| Provided data |
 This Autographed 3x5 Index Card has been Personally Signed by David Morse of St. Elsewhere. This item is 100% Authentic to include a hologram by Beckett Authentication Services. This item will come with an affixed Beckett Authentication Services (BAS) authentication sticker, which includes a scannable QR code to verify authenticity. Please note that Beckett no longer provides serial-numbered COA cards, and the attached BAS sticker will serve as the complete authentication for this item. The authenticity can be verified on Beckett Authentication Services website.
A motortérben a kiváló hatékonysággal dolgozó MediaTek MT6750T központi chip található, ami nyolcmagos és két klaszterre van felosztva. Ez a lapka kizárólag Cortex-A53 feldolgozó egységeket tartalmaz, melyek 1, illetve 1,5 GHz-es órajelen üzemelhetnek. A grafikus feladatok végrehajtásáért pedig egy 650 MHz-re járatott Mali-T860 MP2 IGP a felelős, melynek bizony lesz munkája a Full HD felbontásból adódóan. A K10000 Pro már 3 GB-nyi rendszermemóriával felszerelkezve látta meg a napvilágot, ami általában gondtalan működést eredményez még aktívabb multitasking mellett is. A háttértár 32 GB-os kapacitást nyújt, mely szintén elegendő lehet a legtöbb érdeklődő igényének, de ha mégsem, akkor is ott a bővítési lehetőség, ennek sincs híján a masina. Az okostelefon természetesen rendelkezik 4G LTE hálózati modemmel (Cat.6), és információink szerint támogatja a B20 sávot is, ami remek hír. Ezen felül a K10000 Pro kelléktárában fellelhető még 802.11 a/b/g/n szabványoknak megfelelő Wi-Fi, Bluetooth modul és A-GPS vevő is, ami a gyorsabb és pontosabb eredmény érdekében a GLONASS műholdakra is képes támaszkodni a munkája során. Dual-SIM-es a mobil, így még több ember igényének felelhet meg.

==

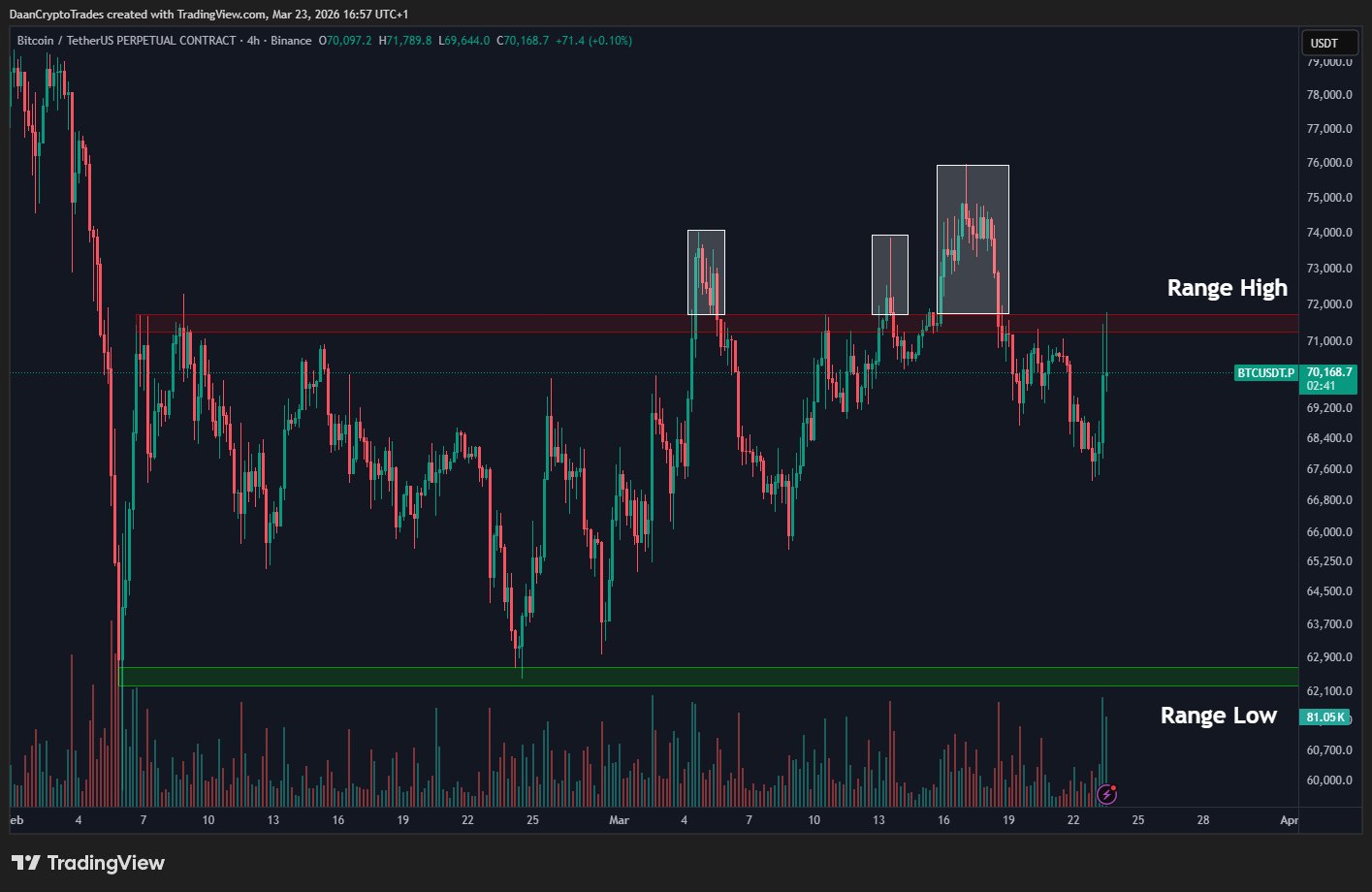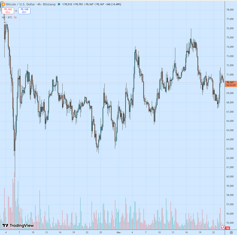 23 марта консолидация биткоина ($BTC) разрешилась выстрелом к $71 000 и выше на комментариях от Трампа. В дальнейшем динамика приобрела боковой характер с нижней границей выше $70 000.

| What is required |
Take the lines above from the one containing "This Autographed 3x5" down to the one containing "A motortérben a", and transcribe them exactly, both ends included.

| Written solution |
 This Autographed 3x5 Index Card has been Personally Signed by David Morse of St. Elsewhere. This item is 100% Authentic to include a hologram by Beckett Authentication Services. This item will come with an affixed Beckett Authentication Services (BAS) authentication sticker, which includes a scannable QR code to verify authenticity. Please note that Beckett no longer provides serial-numbered COA cards, and the attached BAS sticker will serve as the complete authentication for this item. The authenticity can be verified on Beckett Authentication Services website.
A motortérben a kiváló hatékonysággal dolgozó MediaTek MT6750T központi chip található, ami nyolcmagos és két klaszterre van felosztva. Ez a lapka kizárólag Cortex-A53 feldolgozó egységeket tartalmaz, melyek 1, illetve 1,5 GHz-es órajelen üzemelhetnek. A grafikus feladatok végrehajtásáért pedig egy 650 MHz-re járatott Mali-T860 MP2 IGP a felelős, melynek bizony lesz munkája a Full HD felbontásból adódóan. A K10000 Pro már 3 GB-nyi rendszermemóriával felszerelkezve látta meg a napvilágot, ami általában gondtalan működést eredményez még aktívabb multitasking mellett is. A háttértár 32 GB-os kapacitást nyújt, mely szintén elegendő lehet a legtöbb érdeklődő igényének, de ha mégsem, akkor is ott a bővítési lehetőség, ennek sincs híján a masina. Az okostelefon természetesen rendelkezik 4G LTE hálózati modemmel (Cat.6), és információink szerint támogatja a B20 sávot is, ami remek hír. Ezen felül a K10000 Pro kelléktárában fellelhető még 802.11 a/b/g/n szabványoknak megfelelő Wi-Fi, Bluetooth modul és A-GPS vevő is, ami a gyorsabb és pontosabb eredmény érdekében a GLONASS műholdakra is képes támaszkodni a munkája során. Dual-SIM-es a mobil, így még több ember igényének felelhet meg.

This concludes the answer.